__What to do__.
Leave the pictures out and quote every line from the start of the listing to the line with "und kuscheligen Leihbademäntel.", inclusive.
----
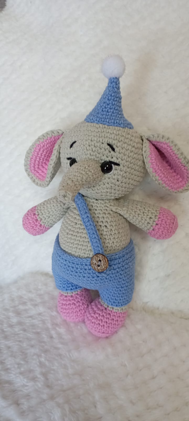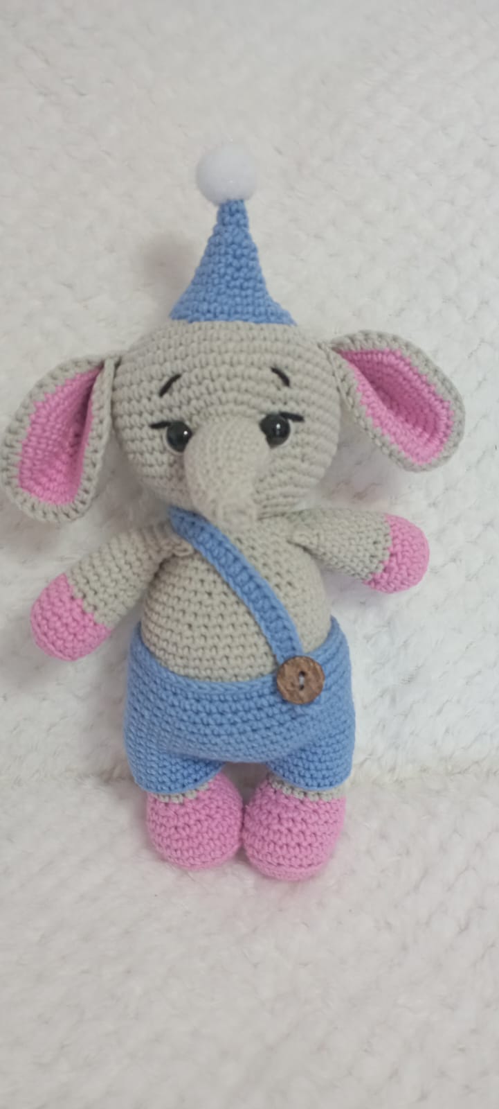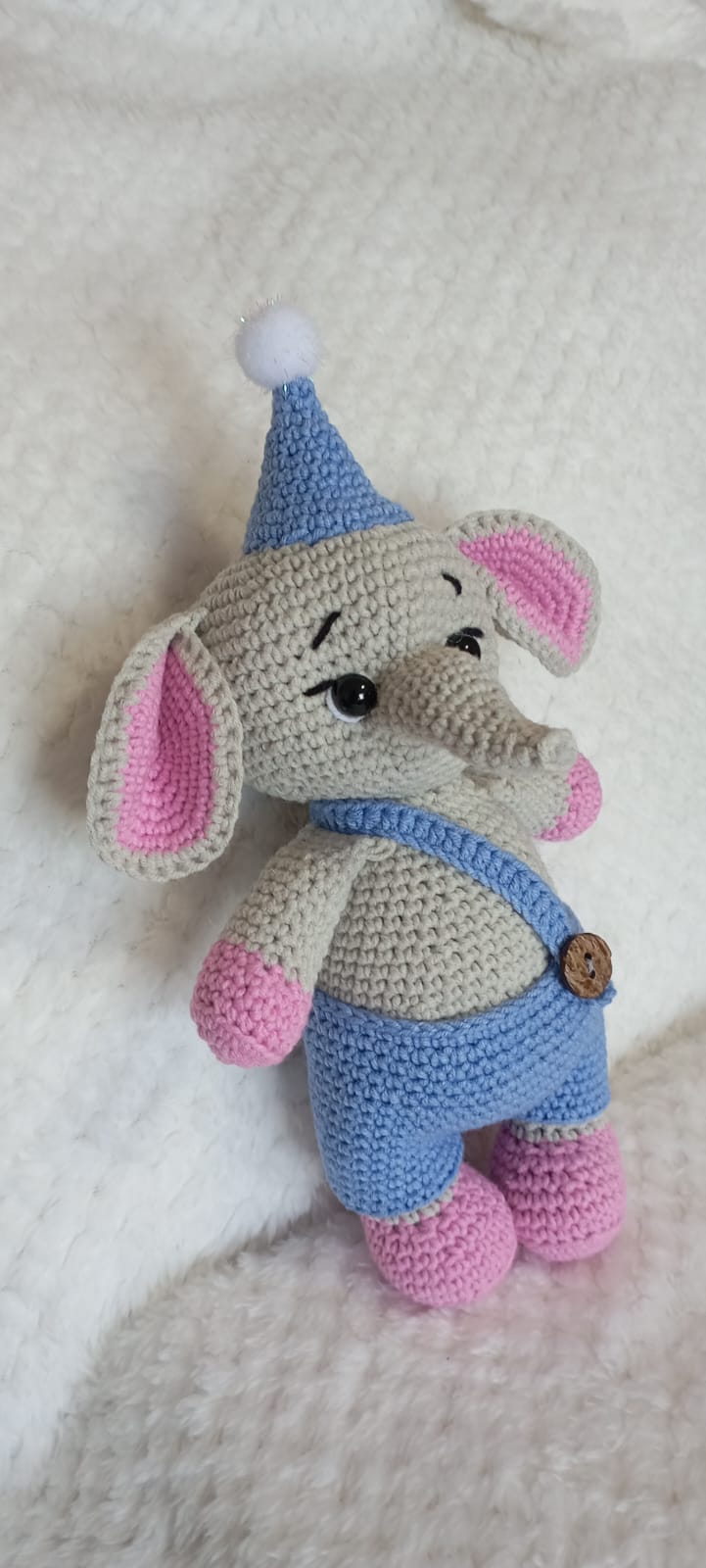 Слоник выполнен в нежных серых тонах с розовыми вставками на ушках и лапках. Он одет в милые голубые штанишки на пуговице и голубую шапочку с белым помпоном. Игрушка идеально подходит для подарка детям или в качестве декоративного элемента в интерьере. Изготовлено из качественной пряжи, гипоаллергенный и безопасный для малышей.
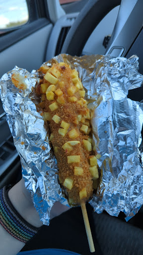 I ordered a potato dog, which is a Korean style corn dog where half is Mozzarella cheese and the other half is a hot dog, this one is then rolled in the batter and french fry bits are on the outside. It was phenomenal! Definitely recommend trying it, though I would say to take it off the stick if you can, as it is a thick sleeper and is pointy at the top.
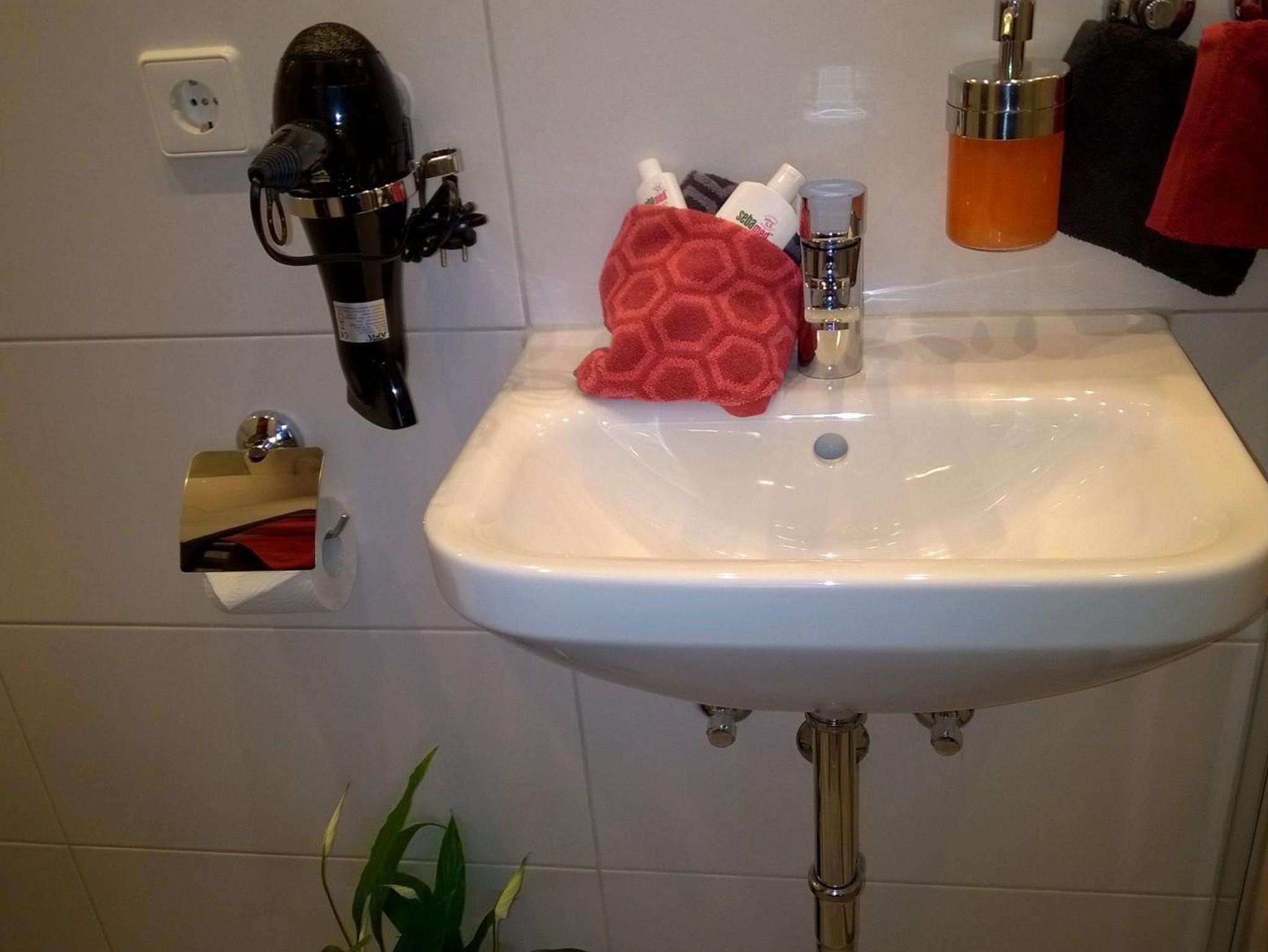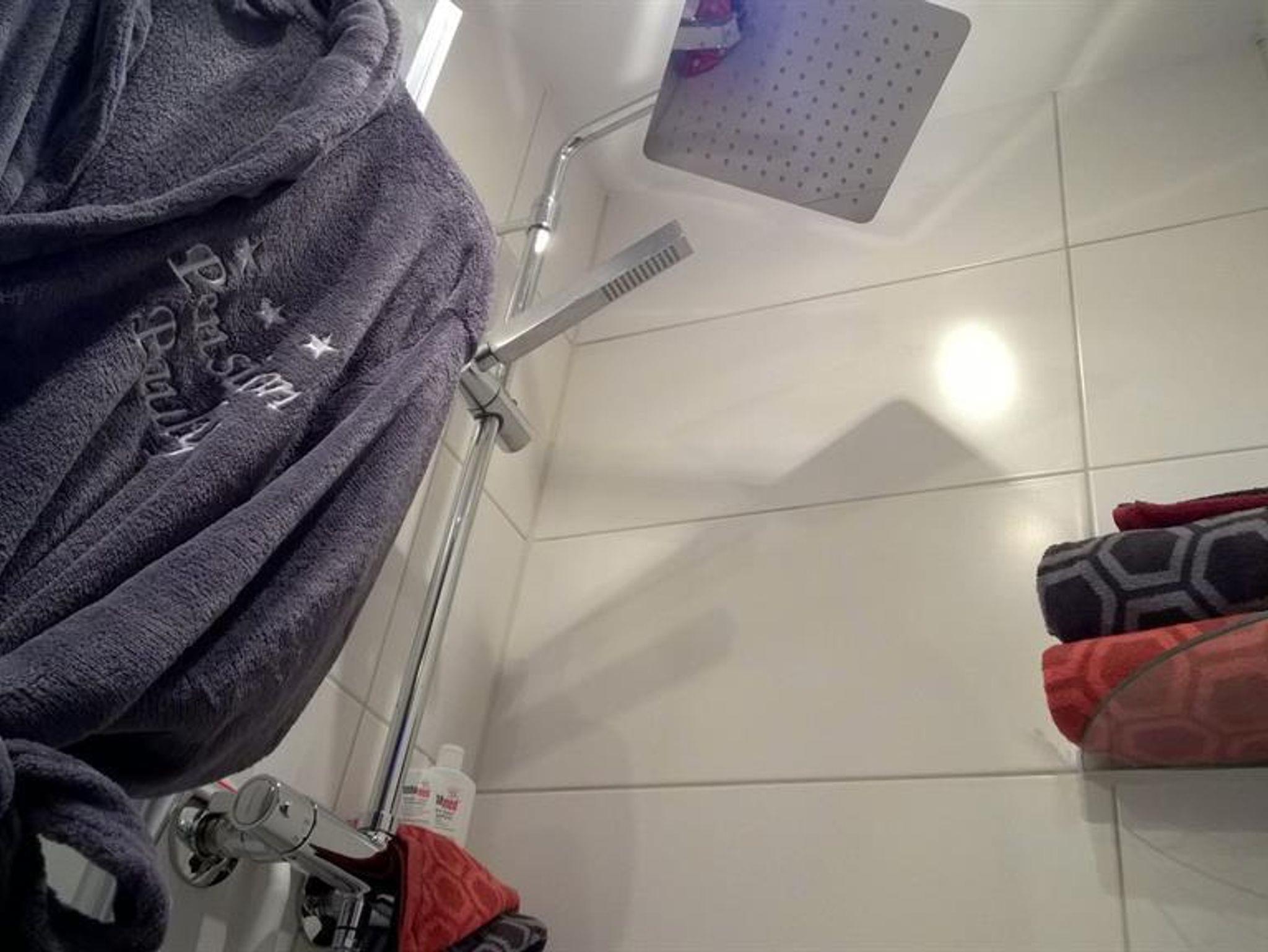 • In unserem großen separaten Bad nebenan erwartet Sie eine neue Dusche mit separater Kopf- und Seitenbrause mit Thermostat, Vergrößerungsspiegel, gewärmte Handtüchern am Designheizkörper, Stylingfön und kuscheligen Leihbademäntel.
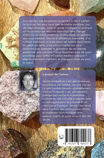 vous pensez que les pierres ne servent à rien ? parfait-ce livre est fait pour vous. pas de blabla mystique, pas de robes étranges, juste un guide intelligent et pratique sur les cristaux qui pourrait bien vous faire changer d'avis (ou au moins améliorer un peu votre vie pendant que vous essayez). bourré d'utilisations concrètes, d'un humour tranchant, et juste assez de science pour rester les pieds sur terre, c'est votre introduction sans fioritures pour exploiter la puissance de ces pierres anciennes. pire scénario ? vous repartirez avec de super anecdotes pour briller en soirée. meilleur scénario ? elles fonctionnent vraiment, et changent votre vie pour le mieux.
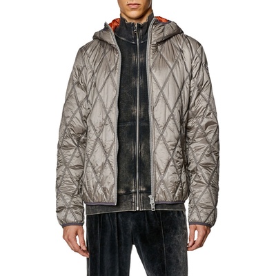 Pánská přechodová bunda. Nepřehlédnutelný design tvořený metalicky lesklým povrchem. Zdobena vertikálním potiskem maxi loga Diesel For Successful Living umístěného na přední i...
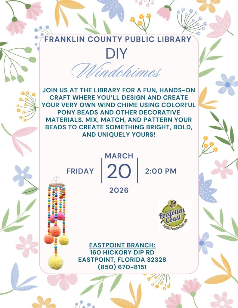DIY Windchimes, a hands-on craft program where patrons can design and create their very own wind chime using colorful pony beads and other decorative materials. Guests can mix, match, and pattern beads to create something bright, bold, and unique. The program will be offered on Friday, March 20 at 2:00 PM at the Eastpoint Branch.
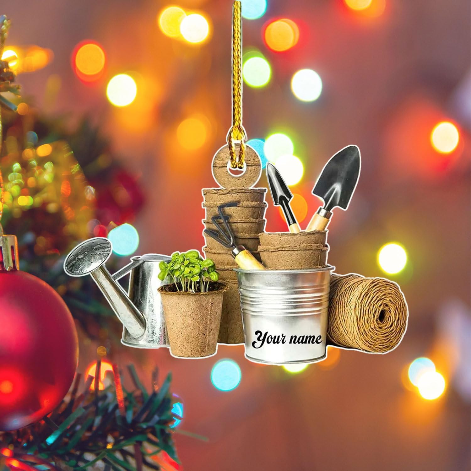 Custom Gardening Ornament with Name – Garden Tools Acrylic Christmas Decor for Gardeners & Green Thumb Lovers TG42
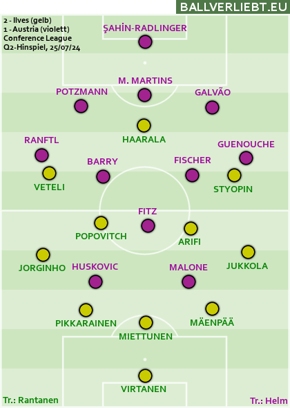 Gegenleitner, der nur die A-Lizenz besitzt, bekam mit Stephan Helm danach einen neuen Chef und die Austria mit Ilves Tampere einen sicher nicht übermächtigen Auftakt-Gegner zugelost. Die Finnen befanden sich Ende Juli in einem Vierkampf um den Titel (am Ende wurde Ilves Zweiter) und sie agierten im Hinspiel durchaus selbstbewusst. Nach dem Führungstreffer (51.) hatten sie das Spiel sogar zunehmend besser im Griff und das 2:0 durch den früheren St.-Pölten-Stürmer Riski (88.) war folgerichtig. Infolge eines Eckballs verkürzte Galvão zumindest noch auf 1:2.
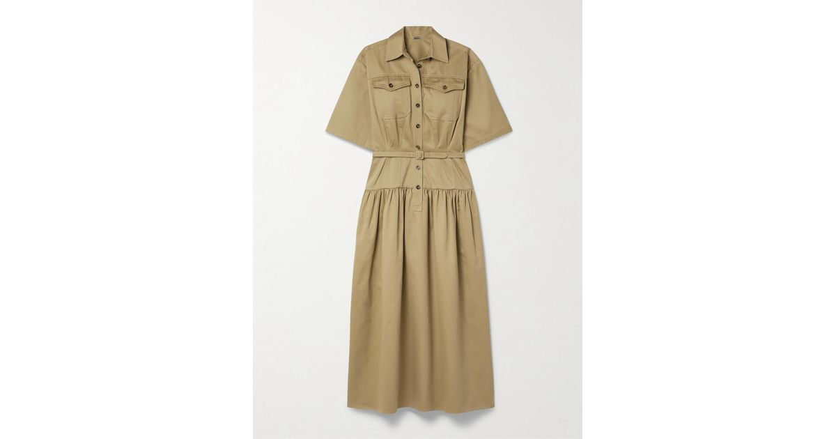 Adam Lippes Edie Belted Cotton-Twill Midi Shirt Dress in Natural | Lyst
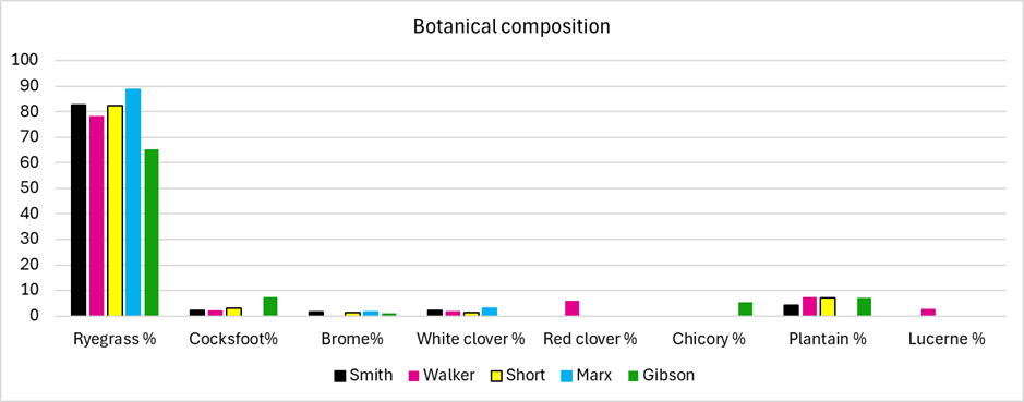 We would like to introduce these partner farms who we have been working alongside Dairy Trust Taranaki since June 2022 and share how winter and spring has been on their farms. As part of the project the botanical composition of their spring pastures have been analysed by Dairy Trust Taranaki. The results are summarised in the figure below.
----
__Task solution__.
 Слоник выполнен в нежных серых тонах с розовыми вставками на ушках и лапках. Он одет в милые голубые штанишки на пуговице и голубую шапочку с белым помпоном. Игрушка идеально подходит для подарка детям или в качестве декоративного элемента в интерьере. Изготовлено из качественной пряжи, гипоаллергенный и безопасный для малышей.
 I ordered a potato dog, which is a Korean style corn dog where half is Mozzarella cheese and the other half is a hot dog, this one is then rolled in the batter and french fry bits are on the outside. It was phenomenal! Definitely recommend trying it, though I would say to take it off the stick if you can, as it is a thick sleeper and is pointy at the top.
 • In unserem großen separaten Bad nebenan erwartet Sie eine neue Dusche mit separater Kopf- und Seitenbrause mit Thermostat, Vergrößerungsspiegel, gewärmte Handtüchern am Designheizkörper, Stylingfön und kuscheligen Leihbademäntel.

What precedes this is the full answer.